As a result, we receive the geocoded LATITUDE and LONGITUDE of the addresses:

Image showing a SQL query result of an address being reverse geocoded

Figure 3 – Result of geocoding multiple addresses.

Reverse Geocoding Location Data

Amazon Location Service supports reverse geocoding a location (described by geographic coordinates as latitude and longitude) to a human-readable address via the SearchPlaceIndexForPosition API action.

Reverse Geocoding a Single Coordinate

To reverse geocode a single coordinate—for instance with the Esri data provider—this integration providers the following external function:

reverse_geocode_amazon_location_service_provider_esri(lng FLOAT, lat FLOAT)

The external function returns multiple address data points such as city, municipality, and the full name and address of the point of interest as label. See the documentation for a full overview of the external function response.
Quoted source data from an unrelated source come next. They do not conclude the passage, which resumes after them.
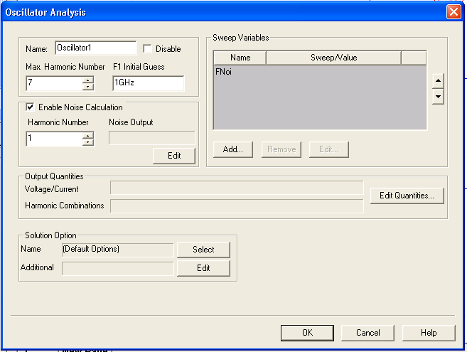1. On the Oscillator Analysis dialog, select (check) the box for Enable Noise Calculation. 2. In the Noise Calculation panel, select the Harmonic Number. The Harmonic Number value selects one of the harmonics of the oscillator frequency around which to calculate the phase noise. The default is harmonic number 1 (the fundamental oscillating frequency). 3. Click the Edit button in the Noise Calculation panel to open the Noise Output dialog. Expand the icons for the nets and devices, and then use the checkboxes to select one or more outputs for noise analysis. 4. In the Sweep Variables panel, you can add a sweep of the noise frequencies to be calculated, with or without a second sweep of temperature. The swept frequencies are offsets from the calculated oscillating frequency. To add a sweep of noise frequencies, select FNoi from the Variables list and click the Edit button. The Add/Edit Sweep dialog opens. Select the Single value, Linear step, Linear count, Decade count, or Octave count button, then complete the specification by filling in the numeric fields. Click the Add button to add the sweep to the Sweep Values list. To add a sweep of temperature, click the Add button in the Sweep Variables panel. The Add/Edit Sweep dialog opens. Select Temp from the Variables list. Select the Single value, Linear step, Linear count, Decade count, or Octave count button, then complete the specification by filling in the numeric fields. Click the Add button to add the sweep to the Sweep Values list. Click OK to close the Add/Edit Sweep dialog and return to the Oscillator Analysis dialog. 5. When all setup steps are as desired, click Finish on the Oscillator Analysis dialog. The solution setup is added to the Project tree under the Analysis icon. 6. Run the simulation: Click on the solution setup in the Project tree and click Analyze from the menu. If the circuit is set up correctly, the analysis begins immediately and a red progress bar appears. If the analysis is not successful, an error message appears in the Message Window. Check the Message Window for an explanation, and then take corrective action. 7. Display results: On the menu bar, click Circuit and then click Create Report. (Alternatively, select Create Report from the Results icon in the Project Manager window.) The Create Report dialog box appears. Select Standard as the Report Type and Rectangular Plot as the Display Type. Click OK. When the Report dialog box appears, select the appropriate oscillator analysis from the Solution pulldown. Select Noise from the Domain pulldown. Select the Noise Output category. The output quantities you specified in the Noise Output dialog (step 3 above) are available for selection. For most noise analyses, select dB as the function. Click New Report. A Report window opens to display a graph of the analysis results. Double-click on the X-axis (the Fnoi axis at the bottom of the report). The X-Axis Properties dialog opens. Select the Scaling tab, and Select Log for Axis Scaling. Click OK to close the dialog. The report now shows the phase noise in the common double-log format:
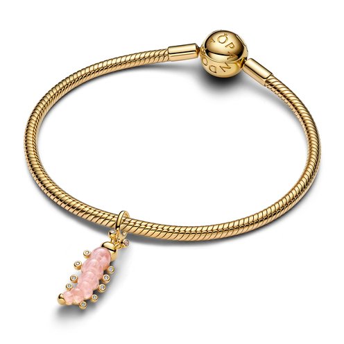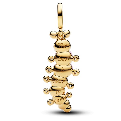 Add our caterpillar to your collection as a reminder to keep growing and transforming. Crafted in 14k gold plating with pink Murano glass and sparkling stones, our charm is engraved with "The best is yet to come".
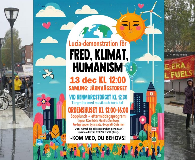 Järnvägstorget, Umeå #LuciademonstrationSamling på Järnvägstorget 12.00ca 12:15 avmarsch12:30-13:00 på Renmarkstorget: – korta tal eller dikter från några av de deltagande organisationerna. Musikinslag med Ingemar Jämte och Maria Johansson.13:00-16:00 på Ordenshuset, Sopplunch + eftermiddagsprogram:Ingvar Rönnbäck, Gunilla Samberg,Fredsgruppen Lysistrate, Geografi-Quiz mmFikapaus med kaffe och kaka ingår.Anmälan till Sopplunchen: swisha 40 kr till 070 292 75 99 (Jens) […]
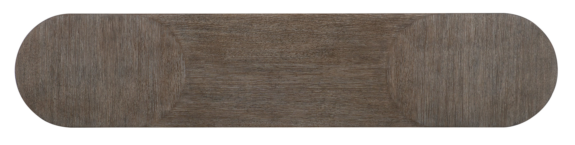 Architectural and timeless with a luxe mixture of materials, the striking Modern Mood Console Table has a narrow, rounded rectangle shape and metal-wrapped bands on the legs. Crafted of Quartered Oak Veneers in a dark Mink finish, the table has a rounded apron and legs, matched veneers on the top and is finished on all sides. At only 16 inches deep, the console can add style to even tight spaces.

Access the results in a Snowflake query as follows:

SELECT
    GET(result, 'Country') AS CITY,
    GET(result, 'Municipality') AS MUNICIPALITY,
    GET(result, 'Label') AS LABEL
FROM (
    SELECT parse_json(reverse_geocode_amazon_location_service_provider_esri(-118.321969, 34.134011)) AS result
);

Image showing a SQL query result of an address

Figure 4 – Result of reverse geocoding a single coordinate.

Reverse Geocoding Multiple Coordinates

You can also reverse geocode multiple coordinates in a single query. To demonstrate this, empty the sample table and insert some new sample data:

DELETE FROM MY_SCHEMA.COORDINATES;
 INSERT INTO MY_SCHEMA.COORDINATES (ID, LONGITUDE, LATITUDE, CONTROL)
VALUES (1, 13.404954, 52.520008, 'Berlin'),
       (2, 2.352222, 48.856614, 'Paris'),
       (3, -74.005973, 40.712775, 'New York'),
       (4, -0.127758, 51.507351, 'London'),
       (5, 12.496366, 41.902782, 'Rome'),
       (6, -99.133209, 19.432608, 'Mexico City'),
       (7, 139.691706, 35.689487, 'Tokyo'),
       (8, 126.977969, 37.566535, 'Seoul'),
       (9, 116.407395, 39.904211, 'Beijing'),
       (10, 31.235712, 30.044420, 'Cairo');

To use Esri to reverse geocode an address from this set of coordinates, call an external function as follows:

SELECT
    LATITUDE,
    LONGITUDE,
    GET(result, 'Label') AS LABEL
FROM(
    SELECT
        LATITUDE,
        LONGITUDE,
        parse_json(reverse_geocode_amazon_location_service_provider_esri(LONGITUDE, LATITUDE)) AS result
    FROM LOCATION_DATA.COORDINATES);

As a result, we receive a human-readable address for each coordinate:

Image showing a SQL query result of a set of addresses

Figure 5 – Result of reverse geocoding multiple coordinates.

Best Practices for Location Intelligence at Scale

Managing Amazon Location Service Quotas

The default Amazon Location Service quotas implement rate limits for the API operations performed through the external functions. For instance, the default quotas allow 50 requests per second for both the SearchPlaceIndexForPosition and SearchPlaceIndexForText operations.

Depending on the size of your queries, you need to increase the quotas that apply to your AWS account. Request a quota increase by following the instructions in the Amazon Location Service Developer Guide.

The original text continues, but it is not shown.